The workflow object contains the preprocessing object (e.g. a recipe) and that stores all of the information used to encode/format/preprocess new data.
In some cases, the model function itself might do some of this.
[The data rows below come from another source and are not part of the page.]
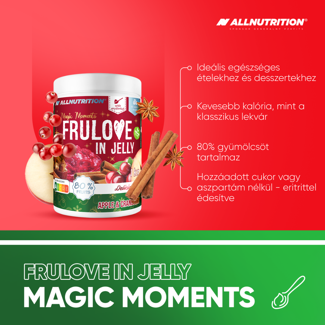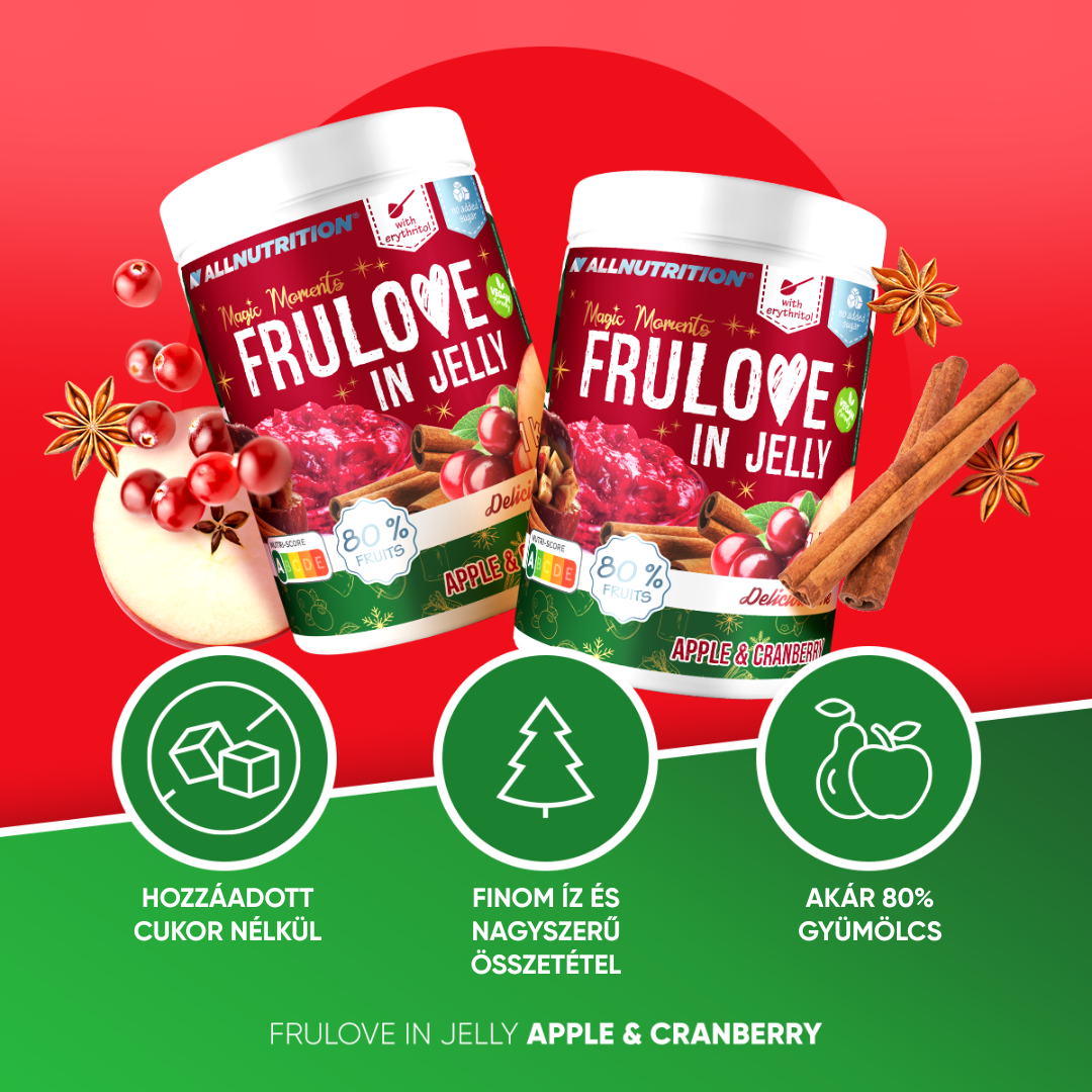 ALLNUTRITION FRULOVE IN JELLY APPLE & CRANBERRY egy ízletes lekvár limitált, karácsonyi Magic Moments kiadásunkból! Különleges kombinációja az almakockáknak és a vörösáfonyának, fahéjjal gazdagítva, könnyű zselébe zárva – természetesen hozzáadott cukor nélkül.
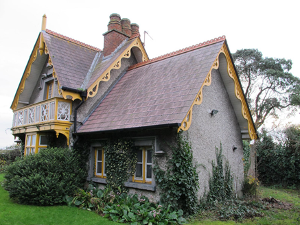Detached single-bay single-storey gate lodge with attic storey, built c. 1830, having gable-fronted porch to front (south-east) elevation, canted-bay window under full-width carved timber balcony to east elevation, and single-storey return with pitched roof to rear (north-west) elevation. Pitched natural slate roof with terracotta ridge cresting, red brick chimneystack, overhanging eaves and decorative carved timber bargeboards and finials. Roughcast rendered walls, with granite platband to front and smooth render to porch. Square-headed window openings, with timber-framed windows, masonry sills and smooth render surrounds and moulded label-mouldings. Double-leaf French doors with leaded lights to balcony. Timber-framed windows with pivoting top-lights and masonry sill to canted-bay window. Pointed arch door opening to front of porch, with chamfered surround and moulded render hood-moulding, replacement door and granite step.
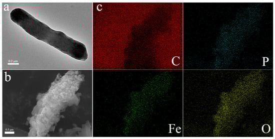 To demonstrate the feasibility of the hybridization of the magnetic nanomaterial γ-Fe2O3 with microorganisms, a morphology analysis of CN32 and CN32@γ-Fe2O3 was performed using SEM and TEM. Figure S2 presents the X-ray diffraction pattern of the modified material γ-Fe2O3 nanoparticles. The structure reveals characteristic diffraction peaks at 2θ = 30.2, 35.5, 43.2, 53.7, 57.3, and 62.8 corresponding to the (220), (311), (400), (422), (511), and (440) crystal planes. These planes align with the standard JCPDS No. 00-039-1346 crystal structure features [], confirming the material’s identity as γ-Fe2O3. By comparing (Figure 2a,b), it can be seen that the unmodified S. putrefaciens CN32 was rod-shaped and had a smooth surface. After γ-Fe2O3 MNPs were added for hybrid cultivation, the bacteria surface became rough due to the particle encapsulation, indicating the successful hybridization of γ-Fe2O3 MNPs on the surface of the bacteria. As shown in Figure 2c, the elemental analysis results clearly indicate that elements C, P, Fe, and O were uniformly distributed on the surface of the bacteria, further confirming the successful preparation of CN32@γ-Fe2O3. Corresponding data on the elemental composition of the surfaces are presented in Figure S3. The surface elemental analysis data reveal the presence of carbon (C), oxygen (O), iron (Fe), and phosphorus (P), with C and P attributed to bacterial surface constituents and Fe and O indicative of γ-Fe2O3 modifications on the surface.
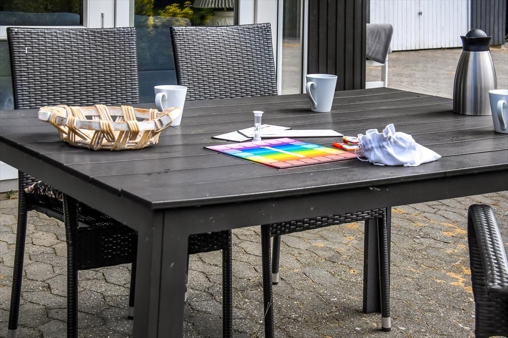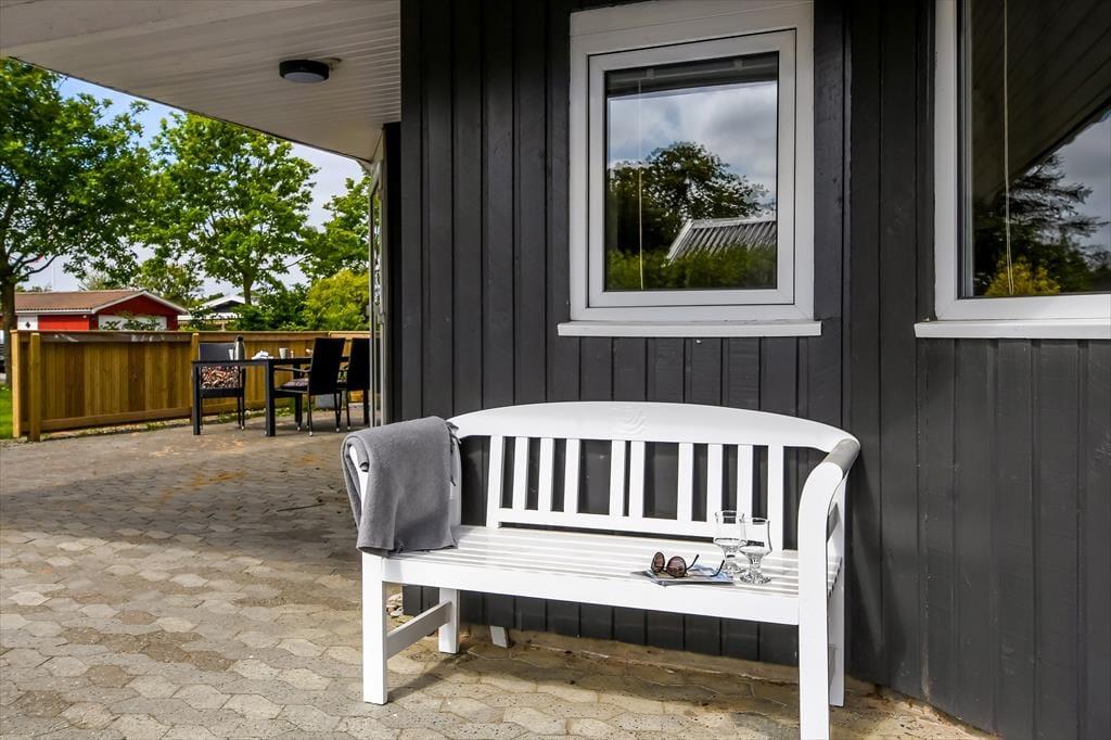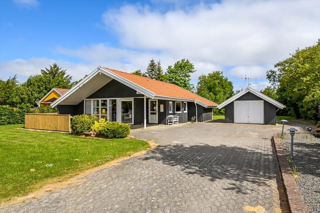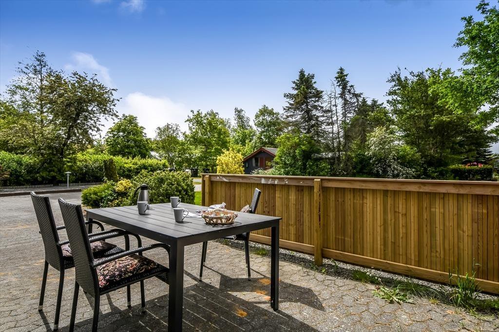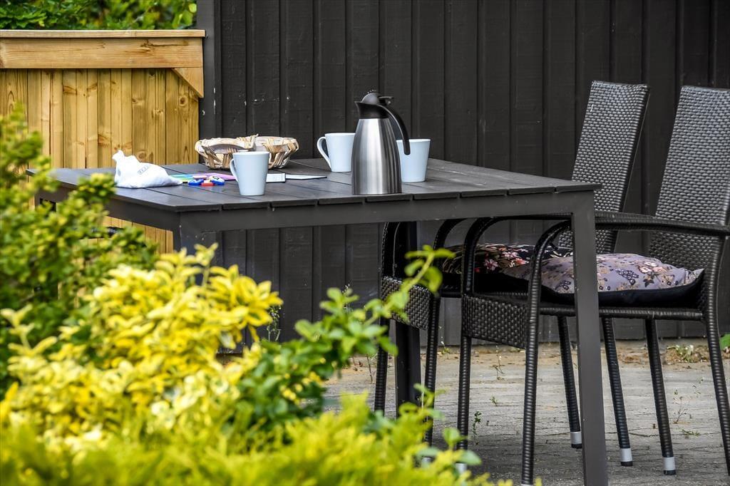 På lune sommerdage er det oplagt at tilbringe en stor del af solskinstimerne ude i det fri. I den forbindelse er den flisebelagte, delvist overdækkede terrasse perfekt – og her er der selvfølgelig havemøbler til rådighed, så I kan nyde driverlivet på bedste vis. Bilen kan I parkere enten i garagen eller i indkørslen, mens græsplænen kan danne ramme om havespil og leg for de yngste feriegæster.
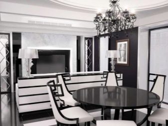 Ce style est caractérisé par une combinaison de différentes formes géométriques. Il peut s'agir de tables rondes et d'éléments rectangulaires sous la forme d'appuis de fenêtre, de peintures, de sièges de canapé. Pour la tapisserie d'ameublement de meubles choisissez la peau des animaux exotiques et d'autres matériaux peu communs.
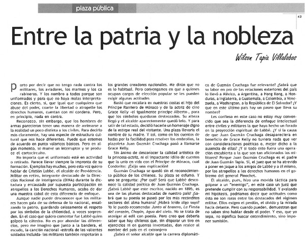 Entre la patria y la nobleza [artículo] Wilson Tapia Villalobos.
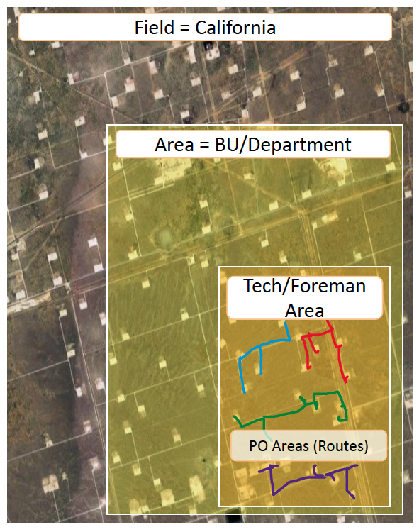 Stop | A geographic location in the field with a lat/long that usually consists of different assets such as wells meters, tanks, and other misc equipment (compressors, pumps, etc) | (for Customer to fill out) | (for customer to fill out) e.g. Lease Operator e.g. Electrical technician or Maint technician |

When that is the case, the model object would contain the training set statistics.
For example:
library(tidymodels)
tidymodels_prefer()
theme_set(theme_bw())
rec <-
recipe(mpg ~ ., data = mtcars) %>%
step_normalize(all_numeric_predictors(), id = "norm")
model_fit <-
workflow() %>%
add_recipe(rec) %>%
add_model(linear_reg()) %>%
fit(data = mtcars)
# Get the "fitted" recipe:
model_fit %>%
extract_recipe()
#> Recipe
#>
#> Inputs:
#>
#> role #variables
#> outcome 1
#> predictor 10
#>
#> Training data contained 32 data points and no missing data.
#>
#> Operations:
#>
#> Centering and scaling for cyl, disp, hp, drat, wt, qsec, vs, am, gear, carb [trained]
# Get the training set means and sds
model_fit %>%
extract_recipe() %>%
tidy(id = "norm")
#> # A tibble: 20 × 4
#> terms statistic value id
#> <chr> <chr> <dbl> <chr>
#> 1 cyl mean 6.19 norm
#> 2 disp mean 231. norm
#> 3 hp mean 147. norm
#> 4 drat mean 3.60 norm
#> 5 wt mean 3.22 norm
#> 6 qsec mean 17.8 norm
#> 7 vs mean 0.438 norm
#> 8 am mean 0.406 norm
#> 9 gear mean 3.69 norm
#> 10 carb mean 2.81 norm
#> 11 cyl sd 1.79 norm
#> 12 disp sd 124. norm
#> 13 hp sd 68.6 norm
#> 14 drat sd 0.535 norm
#> 15 wt sd 0.978 norm
#> 16 qsec sd 1.79 norm
#> 17 vs sd 0.504 norm
#> 18 am sd 0.499 norm
#> 19 gear sd 0.738 norm
#> 20 carb sd 1.62 norm
Created on 2022-03-21 by the reprex package (v2.0.1)